With these barriers in mind, the NQF made recommendations around 11 areas (referred to as domains) for measuring the quality of HCBS including:
- “Developing and implementing a standardized approach to data collection, storage, analysis, and reporting;
- Developing a core set of standard measures for use across the HCBS system, along with a menu of supplemental measures that are tailorable to the population, setting, and program.”
Recommendations for Measuring HCBS Quality
The reports‘ recommendations for reporting, measuring and tracking HCBS quality focuses on the following 11 areas:
- Service delivery and effectiveness
- Person-centered planning and coordination
- Choice and control
- Community inclusion
- Caregiver support
- Workforce
- Human and legal rights
- Equity
- Holistic health and functioning
- System performance and accountability
- Consumer leadership in system development
For each of the above areas, the NQF report broke recommendations into three main categories, including:
- Short-term recommendations (for areas where there are existing measures or measure concepts that have been tested or could be tested in HCBS populations)
- Intermediate recommendations (for areas where there are some existing measures or measure concepts, but more development is required)

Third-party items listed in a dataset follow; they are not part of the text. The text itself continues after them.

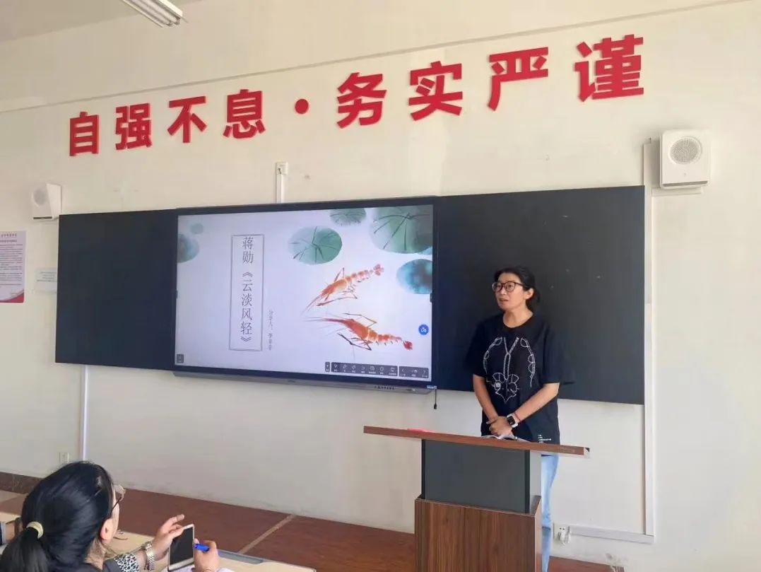 另一位教师刘菲菲从一个童年视角的角度,解读萧红的《呼兰河传》。她详细地阐述了通过童年视角描绘的社会现实与个人情感的复杂交织,展示了文学如何作为一种力量揭示历史与人性。她的分析不仅体现了深厚的学术背景,也彰显了对文学作品深刻的敏感度和理解力。
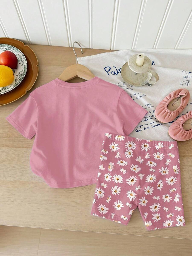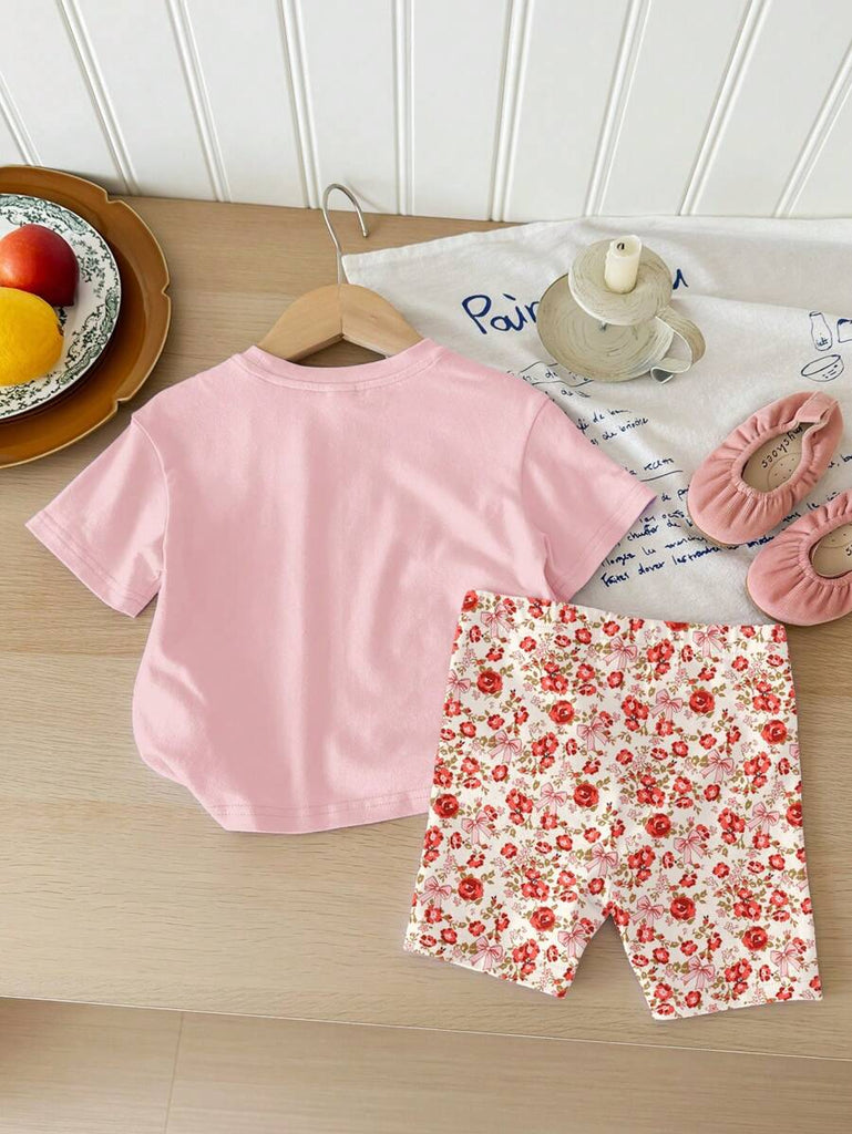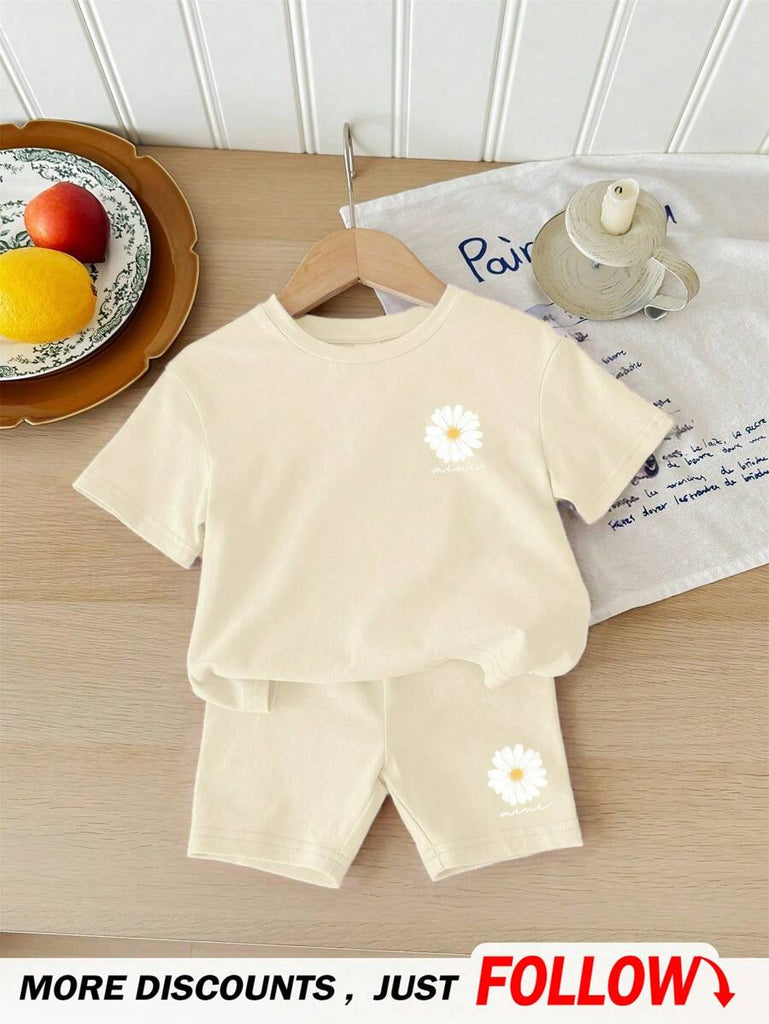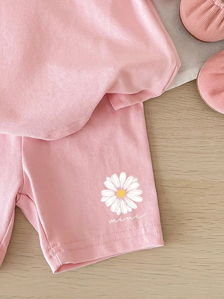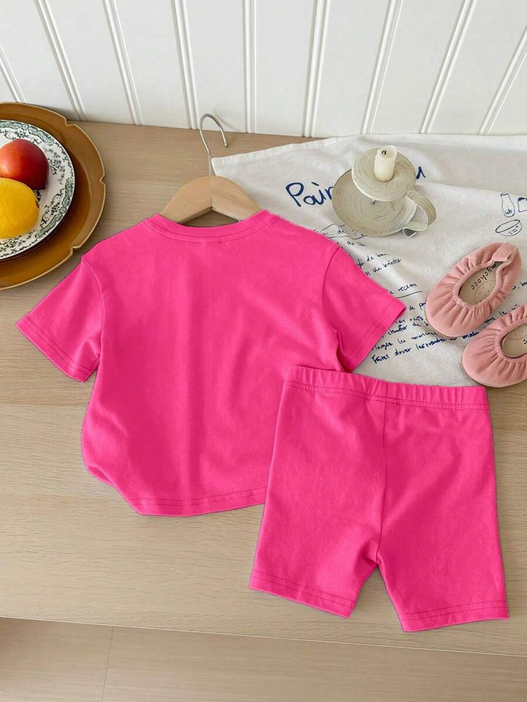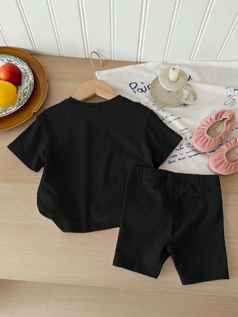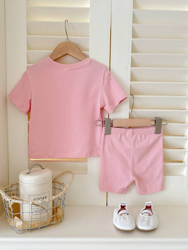 Baby Girl Casual Minimalist Short Sleeve Shorts Set, Suitable For Summer
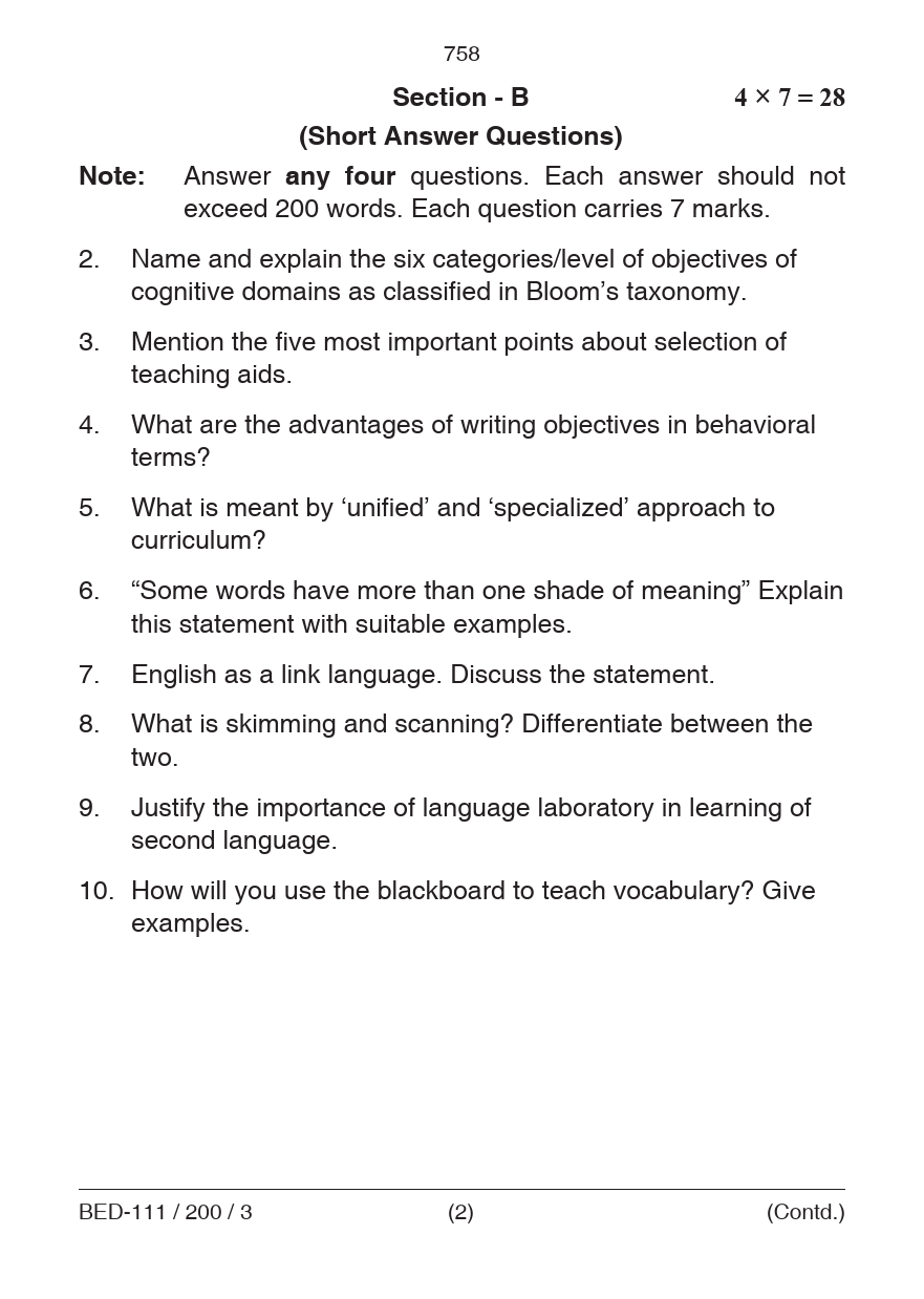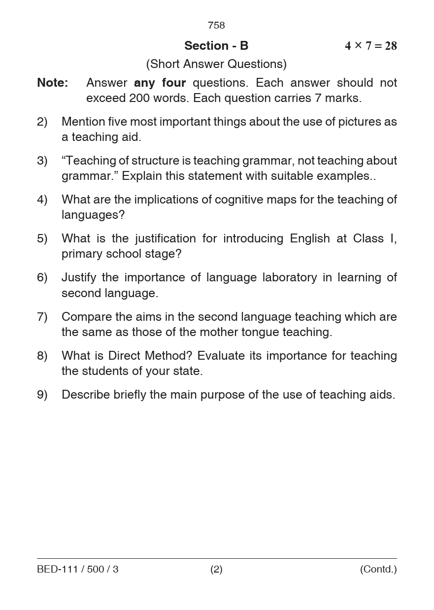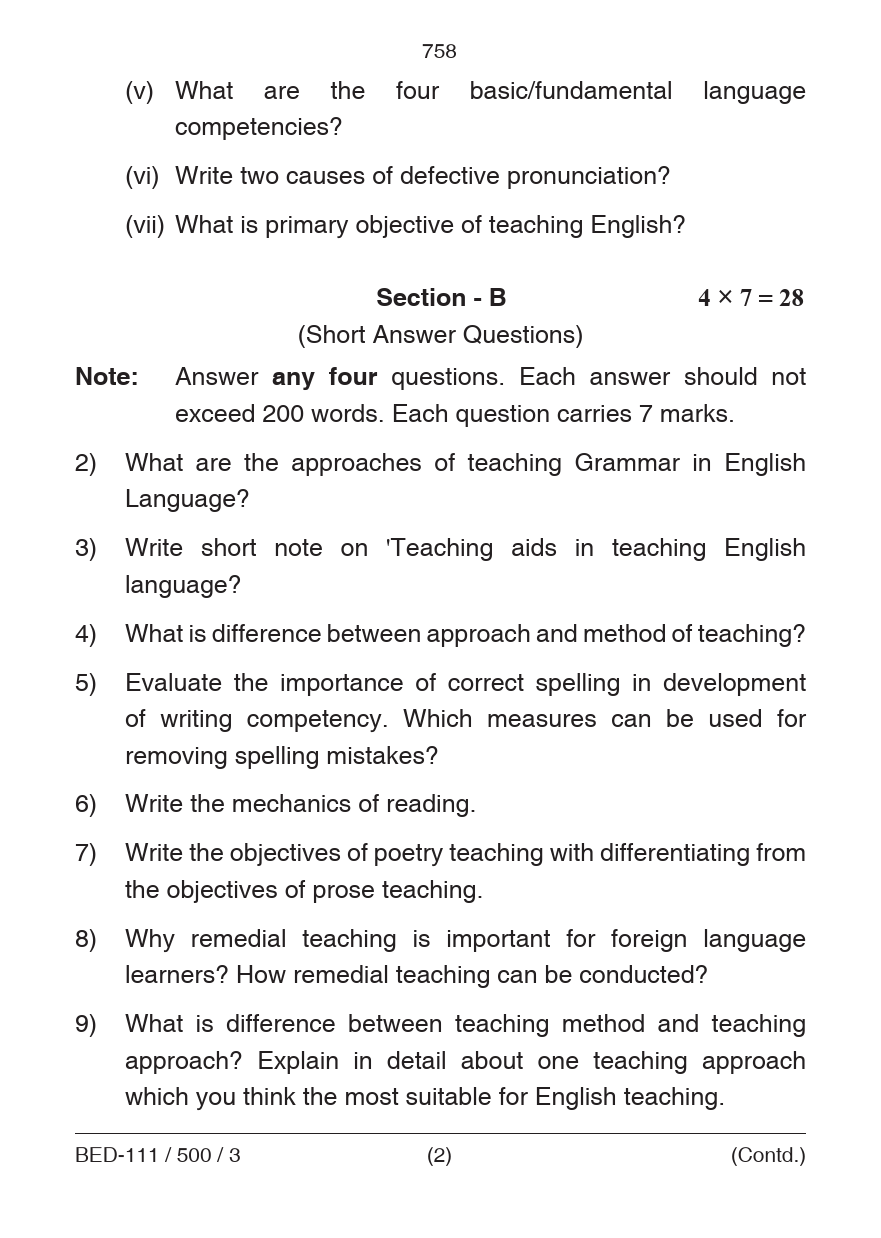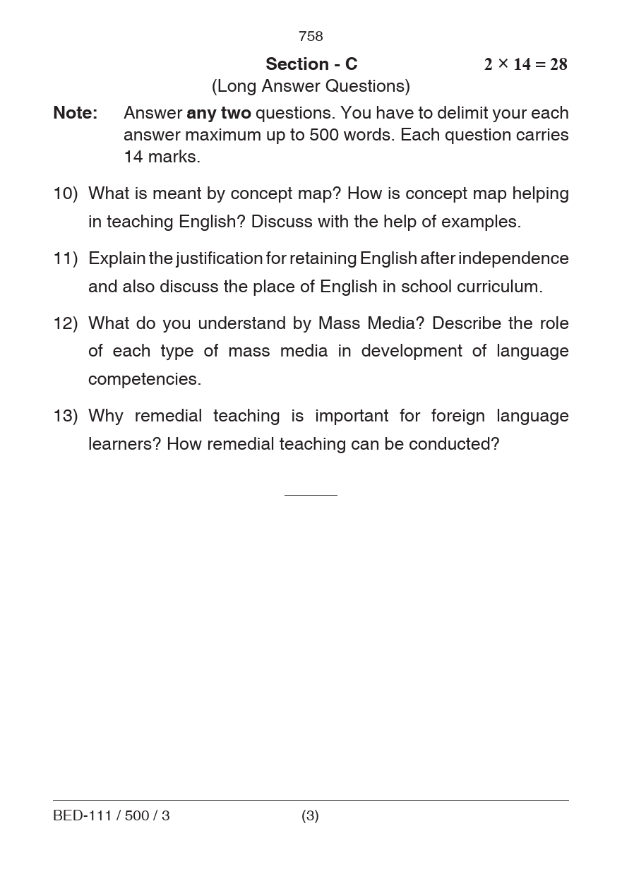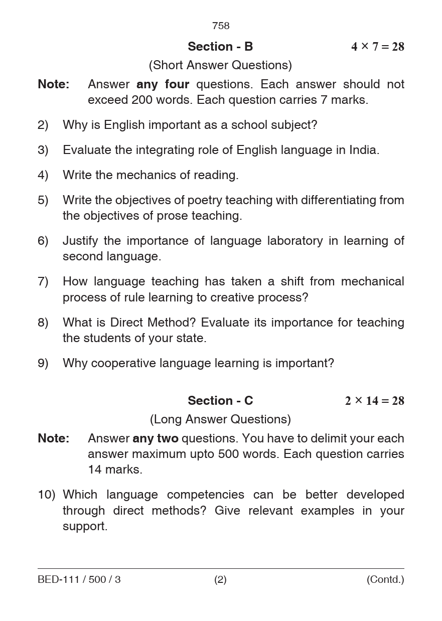 BED Pedagogy of English Question Paper PDF June 2018

- Long-term recommendations (for areas where there are few or no measures or measure concepts, and more research is needed)
What This Means for the HCBS Workforce and Individuals Who Use HCBS
The recommendations are centered around ways that quality can be identified, measured, tracked and improved across the 11 areas mentioned above. According to Steven Ross Johnson, a public health journalist for Modern Healthcare, examples of these measurements of quality include “measuring the ability of patients to make their own choices regarding the support they receive, the level of support made available to caregivers, and the degree to which a provider’s workforce is adequately paid and trained.”
Eventually, these recommendations could provide individuals who use home and community-based services as well as the government and HCBS workforce with ways to compare and contrast services and advocate for improvements. At this point, how the government will act on the NQF report’s recommendations remains to be seen.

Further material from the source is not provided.